Although our motivation for developing GRPC-Web was primarily to eliminate the need to constantly rebuild and redeploy the gRPC REST gateway, we think we have stumbled upon a potential Web App development game. Our experience with gRPC Web was transformative for our Web App team.

  • No longer need to look for API documentation — ProTO is the standard format for API contracts, as it is for other teams
  • No more hand-crafted JSON call objects — all requests and responses are strongly typed and code-generated, with hints in the IDE.
  • No more processing methods, headers, principals, and low-level networks are needed — everything is handled and abstracted in GRPC-Web-client.
  • No more guesswork on the meaning of HTTP error codes –gRPC status codes are a canonical way of expressing problems in apis.
  • No more hand-crafted bulk coding streaming frenzy on the server, GRPC-Web supports 1:1 RPC and 1: many server-side streaming requests.
  • When new binaries are rolled out, there are no data parsing errors — the protocol buffer guarantees the compatibility of requests and responses.

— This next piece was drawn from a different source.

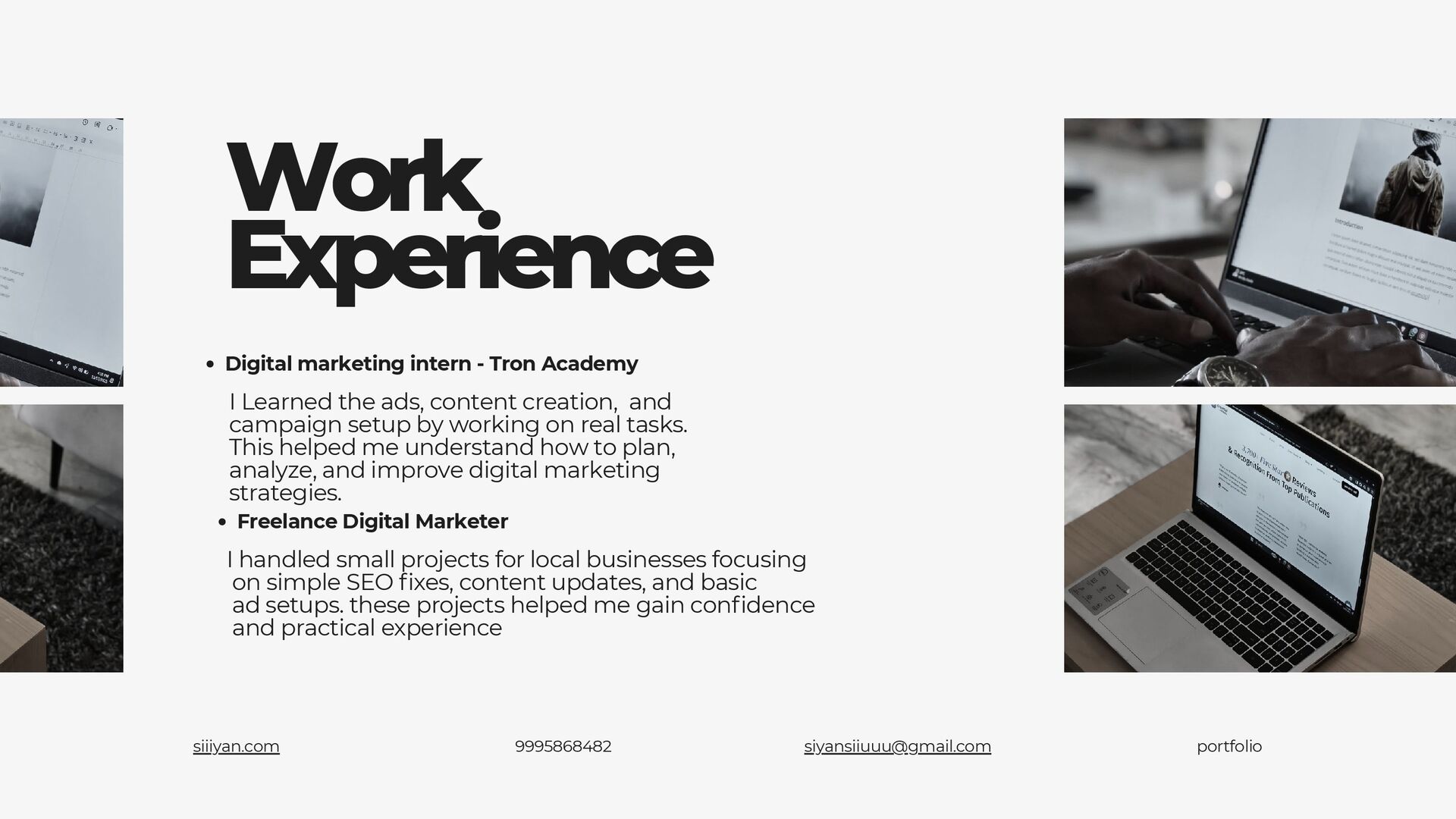 setup by working on real tasks. This helped me understand how to plan, analyze, and improve digital marketing strategies. Digital marketing intern - Tron Academy Freelance Digital Marketer I handled small projects for local businesses focusing on simple SEO fixes, content updates, and basic ad setups. these projects helped me gain confidence and practical experience 9995868482 [email protected] siiiyan.com portfolio

In short, the gRPC Web moves the interaction between front-end code and microservices from the realm of hand-crafted HTTP requests to a well-defined user logic approach. This was a huge boon to the productivity of our Web App team: they could focus on building valuable client logic instead of hand-crafting REST clients.

Open Source and contributions

In recognition of the contribution open source has made to Improbable’s success, we decided to do more than just give back through bug reports and patches. Improbable Engineering now has a GitHub organisation, Improbable – ENG, where we will open source our interesting technology, Improbable – Eng/GRPC-Web is just one of them.

It’s worth noting that Improbable – ENG /grpc-web is not a formal implementation. However, we look forward to working with the gRPC team at the Cloud Native Computing Foundation (CNCF) and contributing the TypeScript protocol buffer plug-in, the TypeScript gRPC client library, and the Go middleware upstream.

Sound like fun? Check out our current engineering roles, including the Web and infrastructure team that built the GRPC-Web library.